Philippians 4:13 I can do all things through him who strengthens me.
Last night I came home from work not feeling quite like myself. I was worn down and tired- both mentally and physically. I walked in the house and gave my husband a kiss on the cheek then went upstairs to change out of my scrubs. Then like every night I walked into my sons room and looked upon him so peacefully in his crib, holding onto his little whale.
I picked him up like I do sometimes when I don't make it home to put him to bed and sat in the rocker with him and we rocked just like we did when he was first born while I hum and he sleeps in my arms. He is one of the reasons I work so hard and the reason I try to be a better person every day.
While I am sitting there holding on to my little boy my husband brings me the phone and tells me its my mom. I take the call but whisper to try and not wake Ethan up. She asks whats wrong, she is my mom she can always tell if I'm not acting like myself. I tell her I'm fine, just tired. Of course like any good mom she tells me I'm working to hard, wearing myself out and stretching myself too thin.
"Shannon your a mom, a wife, and you work two jobs. Its too much. You just re-injured your back, don't you need to step back and take care of Shannon for a while?"
I tell her "I'm fine, that it won't be forever" and " I can do it, I'm Super Shannon remember?" She sighs but lets it go at that.

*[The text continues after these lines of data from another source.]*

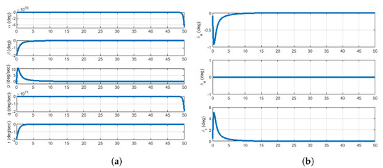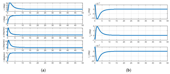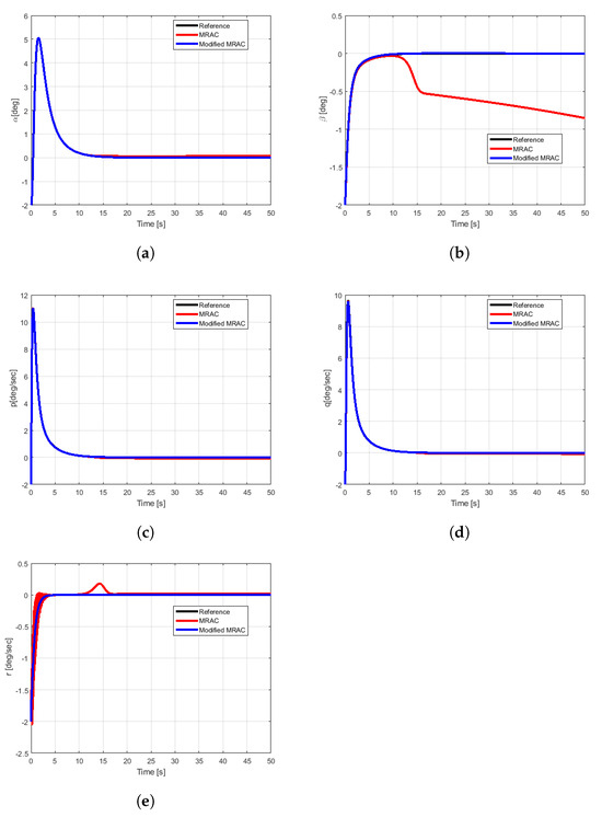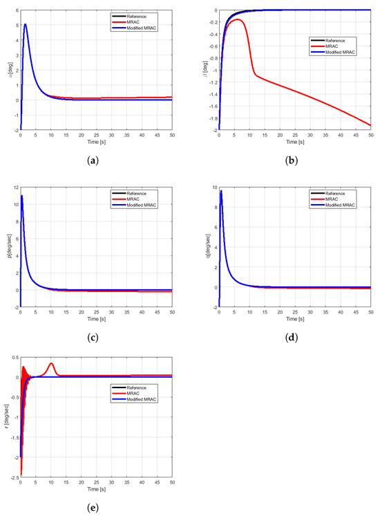 Figure 6, Figure 7, Figure 8, Figure 9 and Figure 10 were created with learning rates of , , and . By examining Figure 6, it is obvious that the modified MRAC method achieves precise tracking of the reference model and produces smooth trajectories. As illustrated in Figure 6b, MRAC is unable to achieve acceptable tracking performance for the sideslip angle due to a minor drift in the corresponding adaptive parameter. Additionally, as a result of the learning rate, Figure 6e demonstrates oscillatory behavior. The suggested scheme overcomes these disadvantages by incorporating Equation (47) into the control law of the classic MRAC in order to address the tracking error problem. Furthermore, the projection matrix used in Equation (48) permits the null control vector to act on the null space of control coefficients, thereby suppressing the oscillations.
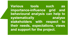| The three tools, namely communication needs assessment, importance-influence grid, and behavioural analysis, which can help systematically analyse stakeholders with respect to their needs, expectations, views and support towards the project is discussed herein below. |
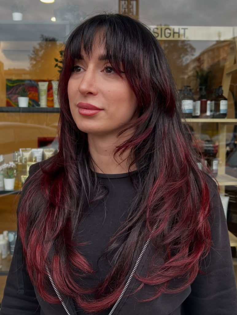 There’s something undeniably captivating about the drama of rich Red paired with deep Black. The vibrant red layers sweep across the crown like a burst of energy, while the darker underlayers peek through the ends, creating a striking contrast that feels edgy yet sophisticated. With feathered movement and soft flips at the ends, this look has that slightly rebellious charm that turns a simple layered cut into a full personality statement.

After I hang up I think about what she said. I know she is right, I'm stretched too thin and its wearing me down. I can't keep doing everything I'm doing for much longer without it having lasting effects. I'm tired and need my rest but as I look at Ethan I say the prayer that I normally say every night when I put him to bed. I pray for my family, I pray for my friends and I pray for strength. Ethan gives me hope, but it is through Him, our Lord, that I can continue doing these things for my family and for myself.